The whole issue about María Corina Machado’s would-be candidacy is controversial. It is worth highlighting that by the end of March this year there were no less than 11 opposition candidates in Venezuela – albeit the country is often described as dictatorship. Each and every one of those was able to register as candidates without issues, Machado being the only one refused.
It would be fair to describe Machado as an extremist: for example, she took part in the Pedro Carmona’s 2002 attempted military coup, signing the infamous Carmona Decree. Carmona was a business leader (president of the Venezuelan Federation of Chambers of Commerce), who acted as de facto president of Venezuela for just one day. During his brief rule, both the Supreme Court and the National Assembly were dissolved, with the Constitution being declared void. There were various arbitrary detentions, including that of then president Hugo Chavez, Maduro’s predecessor. With the support of crowds of demonstrators and the military, Chavez was then restored to office. Carmona is also known to have defended sanctions against his own people.
Last week, the Venezuelan government arrested some people involved in Machado’s campaign (including her campaign manager), under the accusation of having taken part in a violent plot. Considering their record, such accusations should be taken seriously, albeit one is tempted to quickly denounce them as political persecution and nothing else.
Machado in fact faces a 15-year disqualification for her involvement in the whole Juan Guiado’s affair. Her alternate, Corina Yoris (a little known academic who has never held public administration positions) was similarly unable to register due to technicalities. Namely, Yoris own political party was an unregistered one (all she had to do was to find a registered political party and join it).
Then, without many alternatives, the little known academic and retired diplomat Edmundo González Urrutia was named as a kind of temporary replacement. And now he seems to be leading the polls.

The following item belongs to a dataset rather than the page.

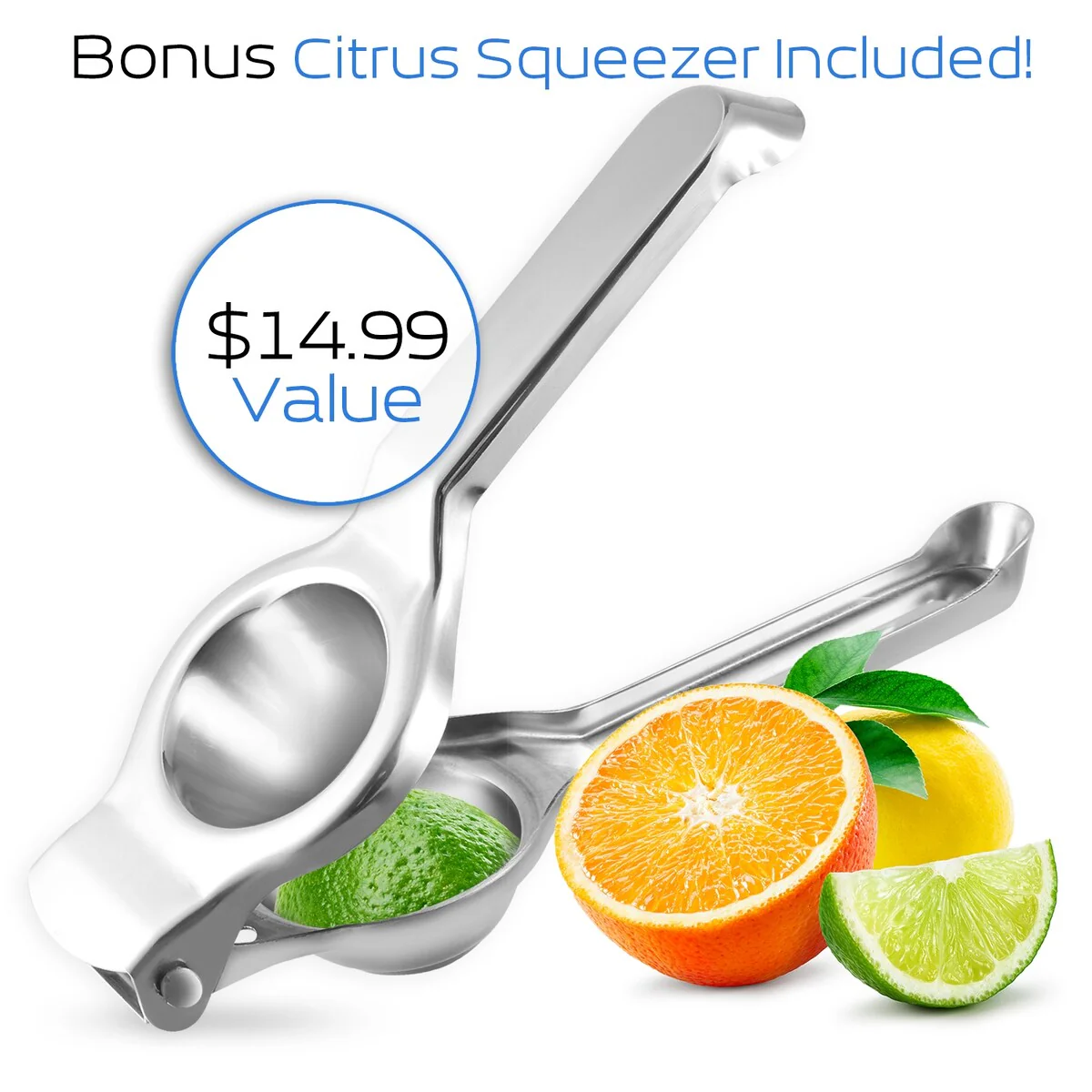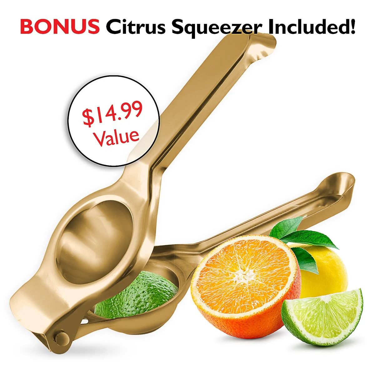 - 16 Piece + Stand Set: 6 Rubber Pourers, 2 Shot Glasses 3oz, Cobbler Shaker with Strainer Cover (26oz), Double Jigger (0.5oz & 1oz), Flat 2-Sidded Bottle Opener, Hand-Held Citrus Squeezer, Bar Spoon (also serves as a Muddler), Hawthorne Strainer, Organized Stand and Cocktail Recipe Book.

In 2021, after the Juan Guaido’s imbroglio, the Venezuelan opposition itself recognized President Nicolas Maduro’s government, as I wrote at the time – although it oscillates between participating in elections and boycotting them. For years, the South American nation has been facing heavier US sanctions and falling oil prices, which contributed to an oil production collapse, export revenue being the cornerstone of the Venezuelan economy. On top of that, Washington plus several European governments blocked Maduro’s government’s access to over $7 billion of state funds held overseas. It did bring about a national catastrophe. In a bizarre situation, control of the nation’s bank accounts (frozen by the US) is given to the opposition, without accountability – unsurprisingly, corruption charges against opposition leaders abound since at least 2019.

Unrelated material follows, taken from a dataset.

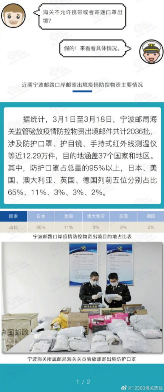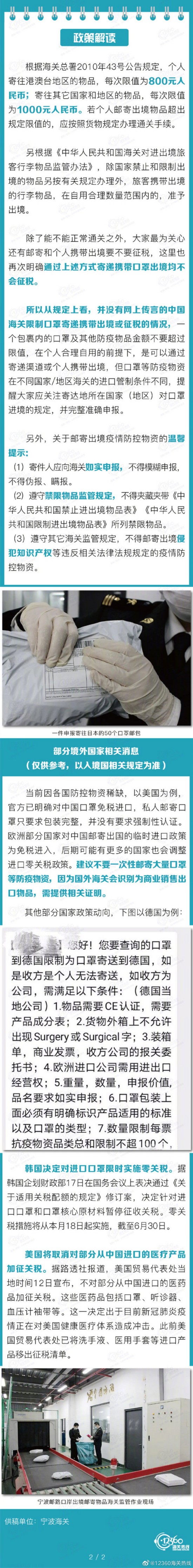 近期,全球许多国家地区新冠肺炎疫情呈现不断蔓延暴发态势,国内很多朋友关心海外华人华侨安危,纷纷询问目前中国海关对于口罩等防疫物资通过寄递渠道或个人携带出境的规定,网上也出现了不少针对中国海关会查扣出境口罩包裹的谣言。详见长图:

Image: Hugo Chavez (Source: CADTM)
Some context is needed. Hugo Chavez, whether one likes him or not, was indeed a very popular president in his country and, contrary to what many believe in the West, he and his Bolivarian Revolution did bring about a number of social advances, pertaining to education, inequality, health and income. Even the 2010 OAS report which denounces Venezuela’s human rights standards acknowledges that “in terms of economic, social, and cultural rights, the IACHR recognizes the State’s achievements with regard to the progressive observance of these rights, including, most notably, the eradication of illiteracy, the reduction of poverty, and the increase in access by the most vulnerable sectors to basic services such as health care.”
According to the United Nations Economic Commission for Latin America and the Caribbean (ECLAC), poverty rates fell from 49.4% in 1999 to 23.9% in 2012, this being the largest success in poverty reduction among 11 countries in the region. All of this explains the long-lasting cult of Hugo Chavez to this day among sectors of the population. However, the country has been facing serial economic problems for a while, and Maduro’s popularity is clearly declining for a number of reasons.
Besides the aforementioned economic and humanitarian catastrophe, geopolitically-wise, the country faces challenges pertaining to the oil discoveries in Guyana and Suriname, amid the Washington-Beijing trade war. The geopolitical dispute between these two superpowers actually goes beyond trade, encompassing the diplomatic and military realms. The specter of a US intervention still haunts the region, with rising tensions involving Colombia. Venezuela largely counts on both Iran and, indirectly, on China, to counter American sanctions and to project its oil market share. It would not be reasonable to expect the current Venezuelan opposition to have the diplomatic wisdom to pursue a pragmatic foreign policy, given their ideological profile and lack of experience.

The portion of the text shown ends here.